UNITE database use for classification

evepyrenees · April 14, 2026, 8:59pm

Hello!

I am working with ITS1 data and have used a workflow borrowing heavily from the Langille lab’s microbiome helper, with a few fungal modifications including extracting the ITS1 region (Microbiome Helper 2 Marker gene workflow · LangilleLab/microbiome_helper Wiki · GitHub).

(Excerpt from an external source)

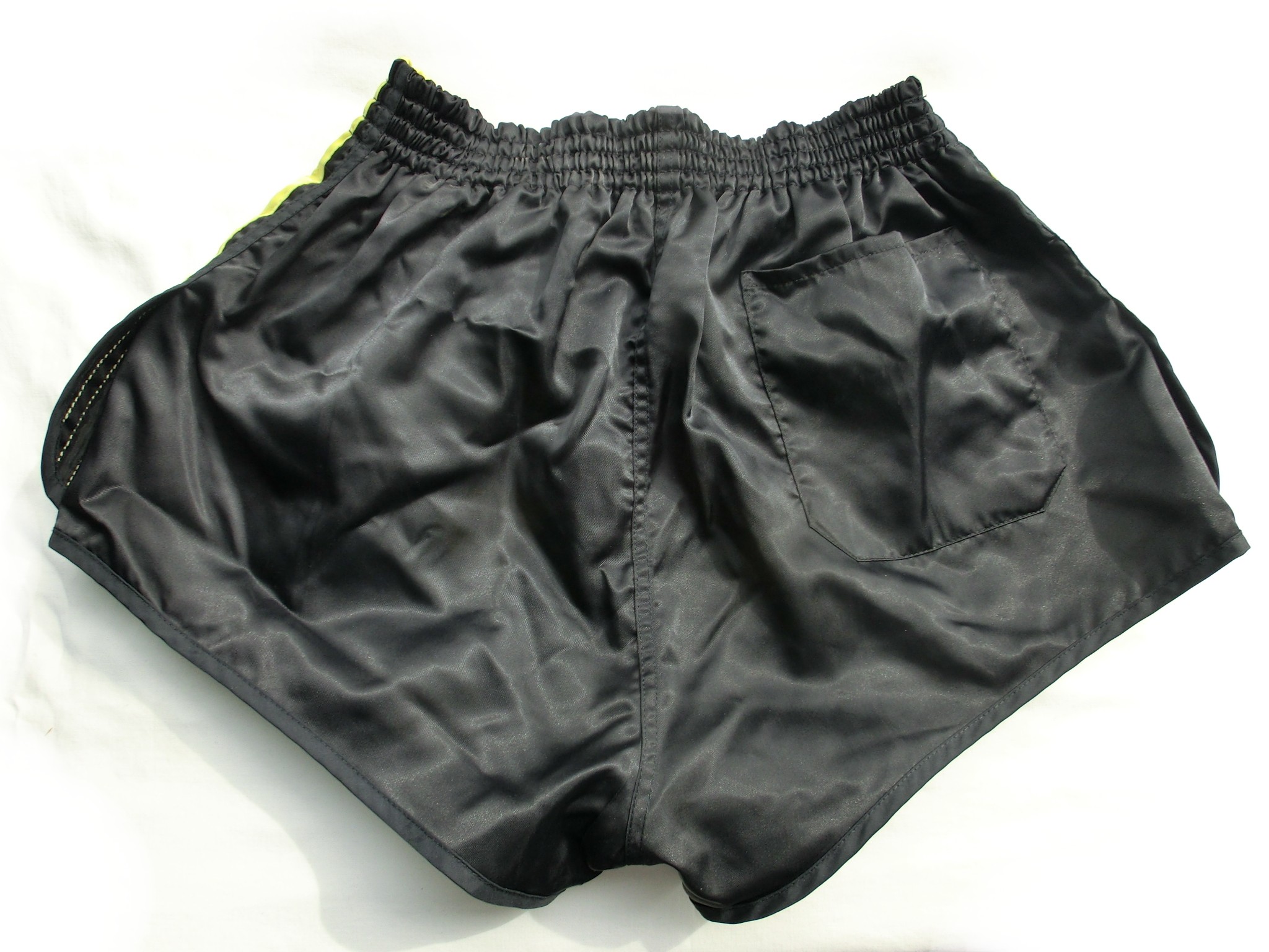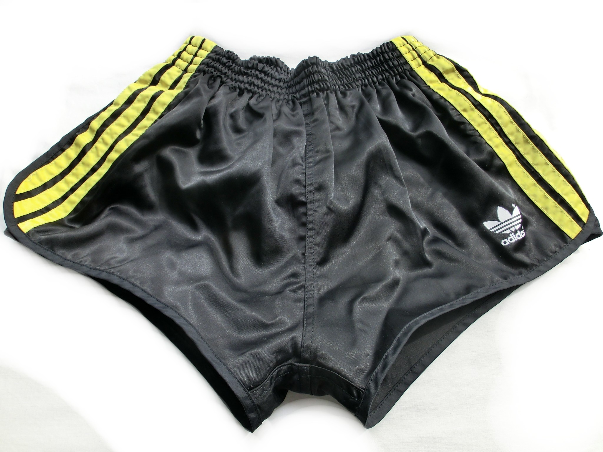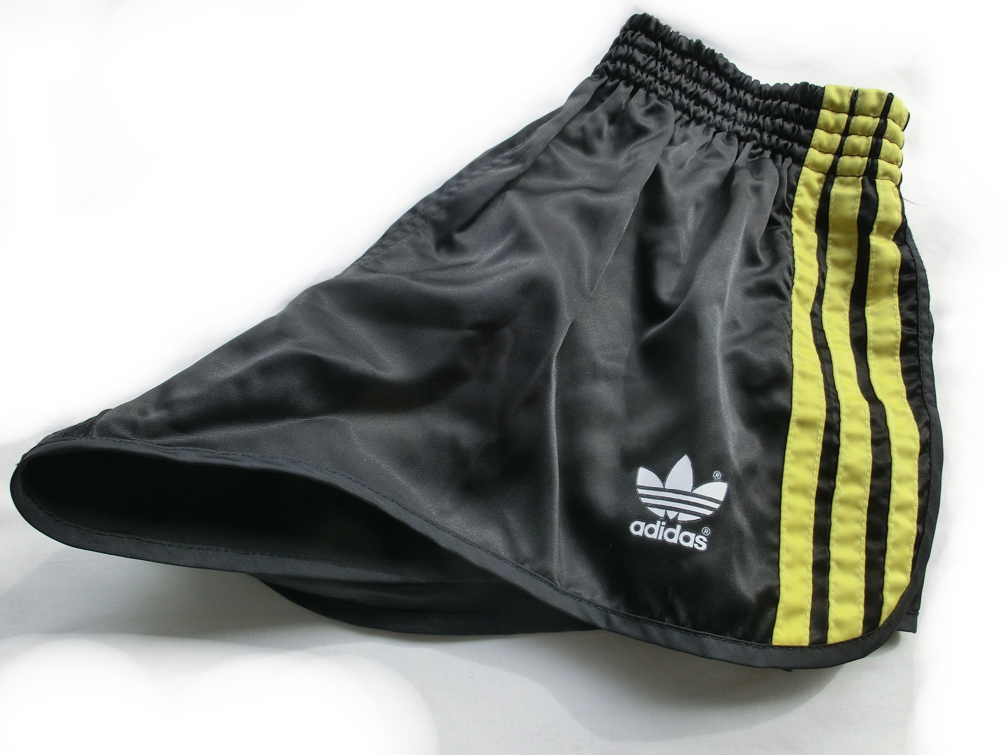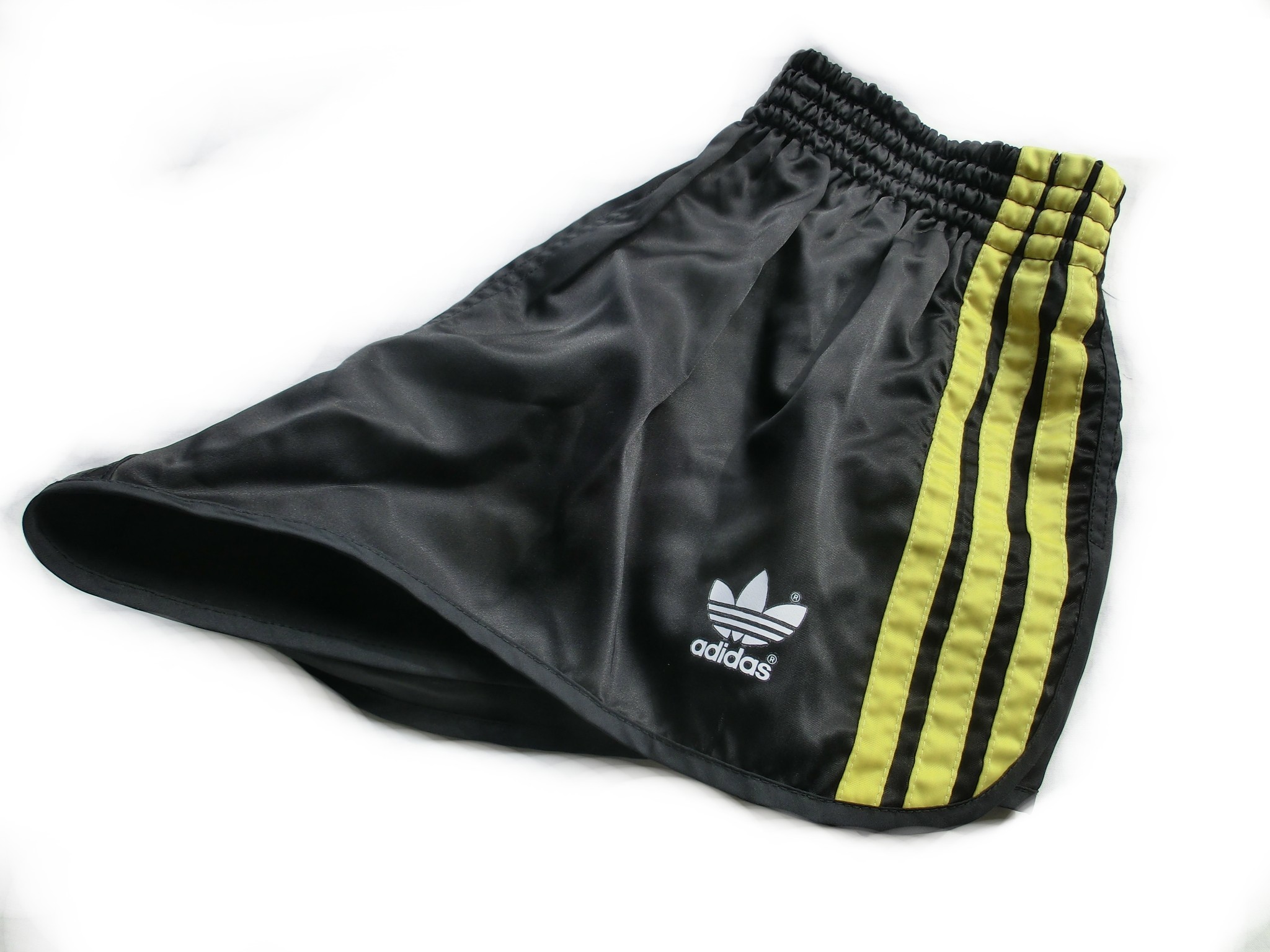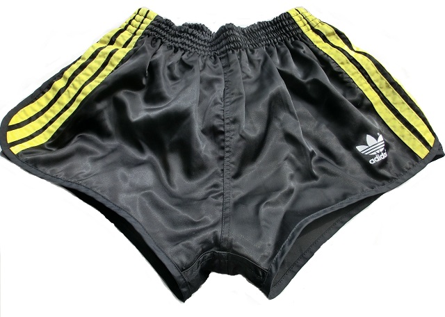 Schwarze Adidas GlanzSprinter Shorts mit gelben Seitenstreifen

For step 3, Assign taxonomy to ASVs, I trained and used a classifier based on the most recent reference available on UNITE (PlutoF DOI) using qiime feature-classifier fit-classifier-naive-bayes and qiime feature-classifier classify-sklearn. I now have a taxonomy.tsv that appears to match what I expected to see based on my samples.

My question involves the different types of feature IDs provided. I have a mix of representative sequences (SH0016447.10FU_KX515298_reps) and reference sequences (SH0016832.10FU_MG593539_refs). From what I understand, these are artifacts of how UNITE selects sequences to represent species hypotheses, but that including both can inflate diversity. I am wondering what common practice is to mitigate this? I have read that I can use qiime collapse to group by species hypothesis, but there seems to be a lot of caveats, and I am not confident in how I can do this while maintaining taxonomic information and abundance data.

Any insight would be extremely appreciated.

Thank you very much.

colinbrislawn · April 22, 2026, 4:15pm

Hello @evepyrenees,

I can help a little with UNITE.

https://doi.org/10.15156/BIO/3301242

That DOI matches the UNITE database version with an "S".

While I don't know exactly what the _s_ means, I think it means 'singletons'.

No S:

Includes singletons set as RefS (in dynamic files).

With S:

Includes global and 3% distance singletons.

I tried using the _s_ and non-s versions when I trained a skl classifier for the UNITE database and found that including singletons uniformly reduces the F-score by a few percent.

So, I stopped using the S version of the database for my pretrained UNITE classifiers.

Let us know what you try next, or if you are able to talk to the UNITE devs are learn more!

Like, the _s_ database must be useful for something! Please let me know if you find it!

Quick note:

It depends on how ASVs are made, and when in the pipeline they are made.

If you are working with DADA2 ASVs, for example, then the ASVs are made before taxonomy assignment and classification. The ASVs are unchanged, so diversity will be unchanged.

If you are working with close-ref OTU counting, then changing the database would also change the ASVs, and thus change the diversity too!